Senator John McCain, who is definitely the worst, went off on Russian President Vladimir Putin in a Pravda editorial. That seems helpful. It's not that Putin isn't a despicable dirtbag, but I'm not sure that "you said something I didn't like in one of our newspapers, so I call you a tyrant in one of yours" is a wise diplomatic strategy. But, hey, McCain's a maverick. What do I know.

[Content Note: Violence; guns] Naval Yard shooter Aaron Alexis had carved messages into his shotgun, reading: "Better Off This Way" and "My ELF Weapon." In other news, Alexis had sought treatment for mental health issues, but told doctors as recently as last month that "he was not depressed and was not thinking of harming others." So, you know, maybe better access to mental healthcare isn't the entire answer.

Lenders are now scrutinizing social media to determine if applicants qualify for a loan: "It's already well known that Facebook and other social media networks harvest user data and sell it to companies that use that info to peddle their products to consumers. But some lenders have begun to find a new use for this information, scrutinizing Facebook, Twitter, and LinkedIn data to determine the credit-worthiness of loan applicants. ...Big banks have not yet jumped on board with this controversial credit-vetting method, but consumer advocates and financial industry experts say it's probably only a matter of time." Terrific.
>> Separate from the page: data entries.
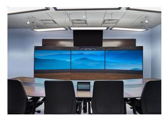 大型会议室会议:在较大的空间,几十人参与互动的会议/协作,可以选择一台高端的会议主机,这种主机支持协议多,可以保证非常稳定的视频连接,并且可以有效的降低带宽需求,降低总体部署成本。可以配3-4台65英寸以上的大屏显示器,可以营造出与远端的与会者同处一室的氛围。配套4-6个扬声器系统,可以有效的收音和降噪,获得非常好的声音效果。
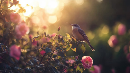 A tranquil scene featuring a bird on a rose bush, illuminated by soft morning sunlight. This image captures the beauty and serenity of nature in a blooming garden.
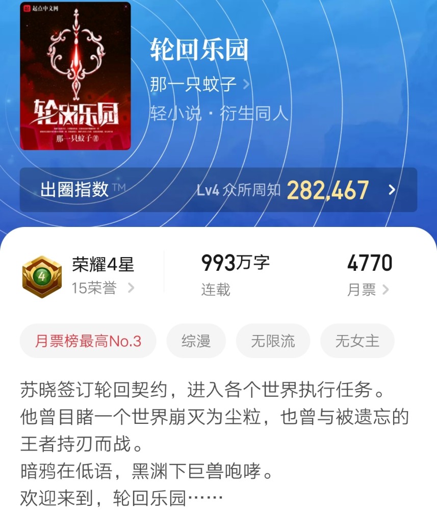 《轮回乐园》上半年一度是起点轻小说频道的热门作品,稳居榜首,近千万字剧情都不崩,人气和口碑双炸裂。
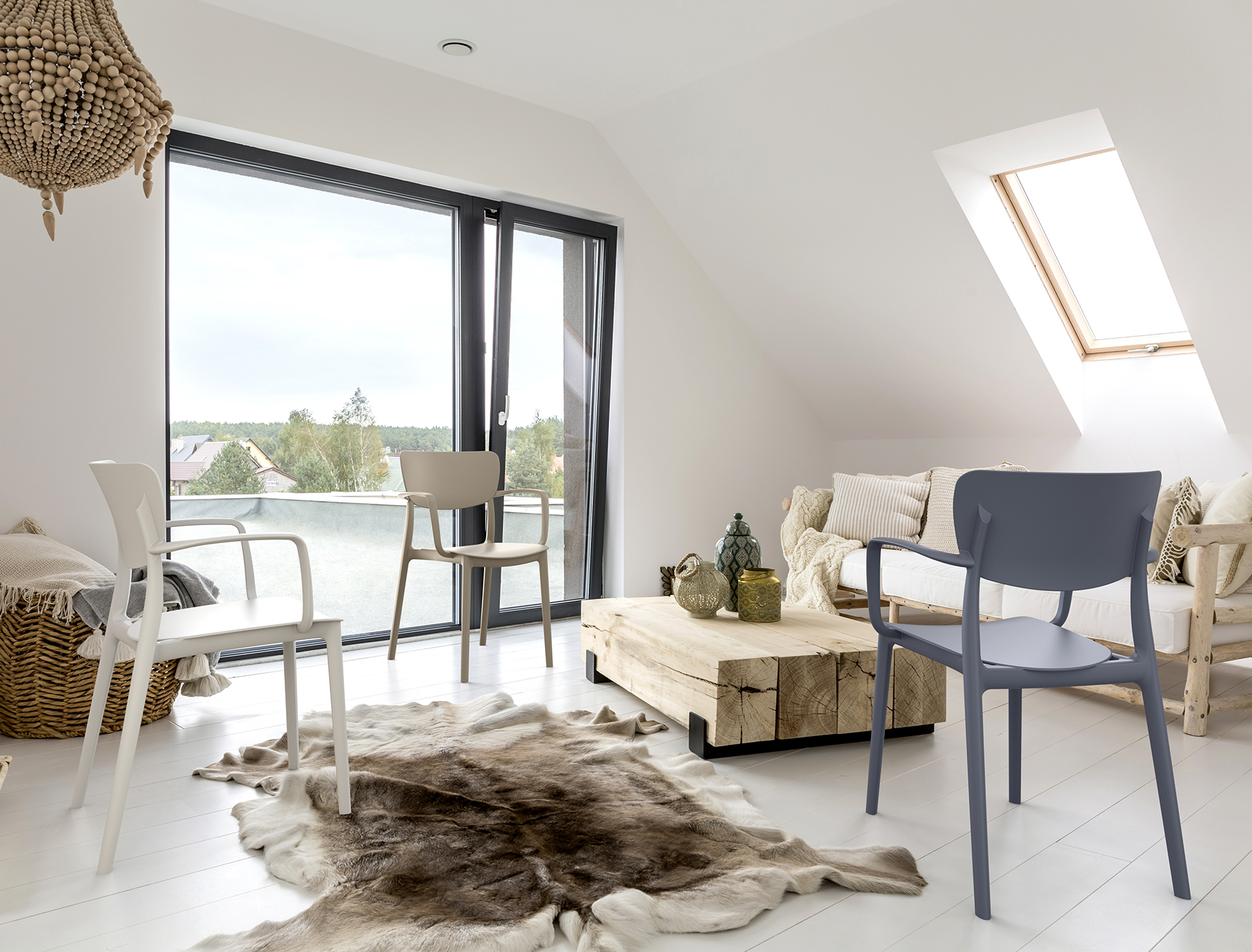 Neutralni tonovi omogućuju jednostavno uklapanje u različite stilove uređenja, dok konstrukcija otporna na vanjske uvjete čini model pogodnim za terase, vrtove, ugostiteljske objekte i unutarnje prostore. Stolica je prilagođena svakodnevnoj upotrebi te jednostavna za održavanje.
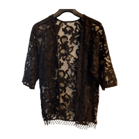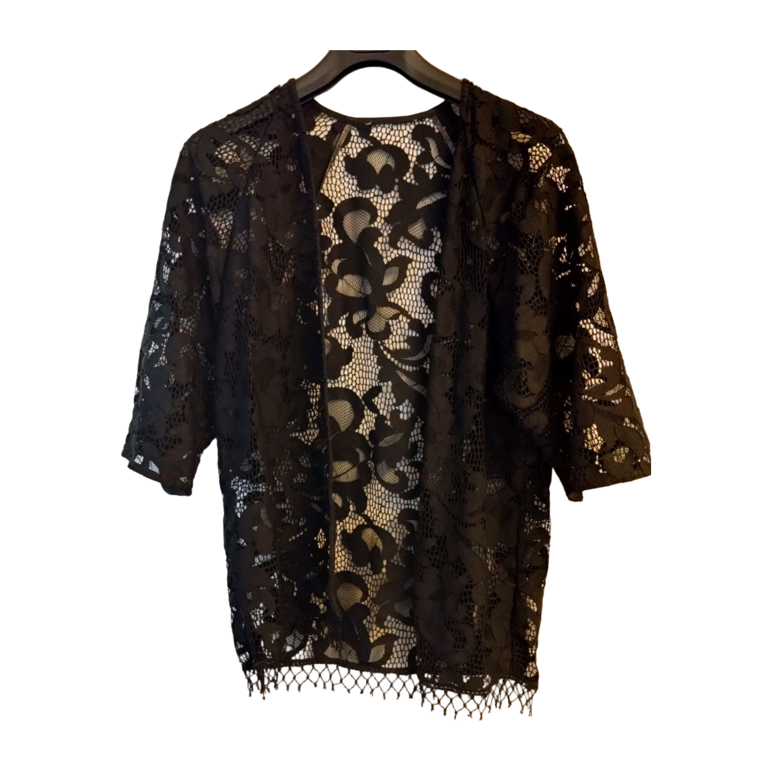 Musta, pitsinen jakku/paita. Väljä malli, edestä avoin. Pituus olalta helmaan n. 65 cm. Aikoinaan Lindexiltä ostettu, ei lappuja kiinni. Hyvässä kunnossa. #pitsi #pitsitakki #kimonobluse

There are still 200 people unaccounted for in Colorado due to the widespread flooding, but the number of missing "has fallen dramatically as rescuers reach stranded victims, and electricity and phone services are restored to ravaged areas, allowing residents to contact family, friends or authorities." There are still areas, however, where essential services may not be restored for awhile.

MSNBC's Chuck Todd says it's not the media's job to educate the public on healthcare. Specifically, it is not his job to point out when the GOP is lying. And that's your liberal media, folks!

A bunch of jerk kids broke into former NFL lineman Brian Holloway's (second) home and had a party, then tweeted pictures of the revelry and destruction. "Holloway helplessly watched the scene unfold from Florida, where he lives. By the time police arrived at his property, thousands of miles away in upstate New York, there was more than $20,000 in damage." But: Holloway "easily gathered the names of about 200 of the suspected home invaders, based on their Twitter handles."

RIP: "Former Nintendo Co Ltd President Hiroshi Yamauchi, who built the company into a video game giant from a maker of playing cards during more than half a century at the helm, died on Thursday of pneumonia, the company said. He was 85."